Posted by Matt Birchler
— 2 min read
I Never Have to Accidentally Quit Safari Again (using Keyboard Maestro)

I know Mac die-hards hate the relatively new Chrome (and Edge) behavior where you have to hold down the CMD+Q command to actually quit the app, but I actually love it. I don't want this for every app, but it can really save your bacon in a browser.

The problem is a combination of my fat fingers and the fact that the shortucts to close a window and to quit a whole app are right next to each other, and if you miss the W, hitting the Q can be bad.

I've been using Safari as my work browser again for a few weeks (used Edge before, which I love, but I wanted to try out the new Safari), and I've accidentally quit the app during multiple video calls, making me awkwardly scramble back into the meeting and apologizing for disappearing for a few seconds. It's not the end of the world, but it never happened to me when Edge's protection was in place.

The Keyboard Maestro macro is shown below and is remarkable simple, and while it's not quite as integrated into Safari as I'd like, it gets the job done.

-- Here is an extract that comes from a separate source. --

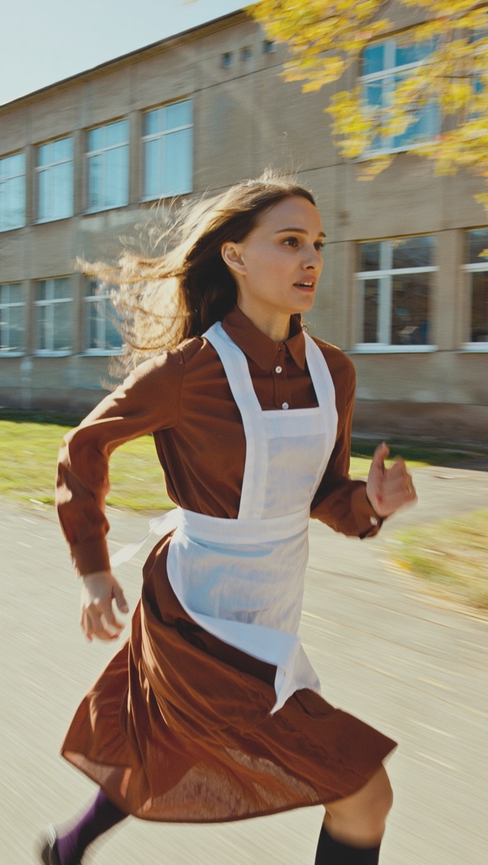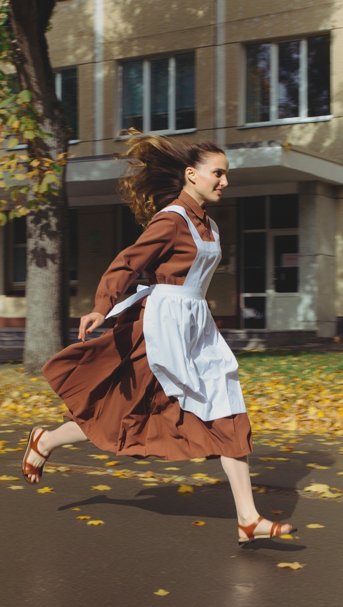Спортсменка и комсомолка Наталья Портнова, ученица 11"А" класса физико-математической гимназии, бежит на контрольную.

And this is what it looks like in action:

Finally, Keyboard Maestro pro tip here: you can click the gear icon the the top right of the alert action and go into the timeout settings. I set this to time out after 2 seconds, which means I can quickly confirm the action if I want (the GIF shows a mouse, but hitting Enter/Return on the keyboard works too), but it disappears almost right away if I didn't mean to do it.

Update: I took it for granted that everyone knew how to make a KM rule that only applied to a specific app. To do this, you need to make a new "group" in the app and call it something like "Safari". Then you can say all macros inside that group only trigger when a specific app (or apps) is in the foreground.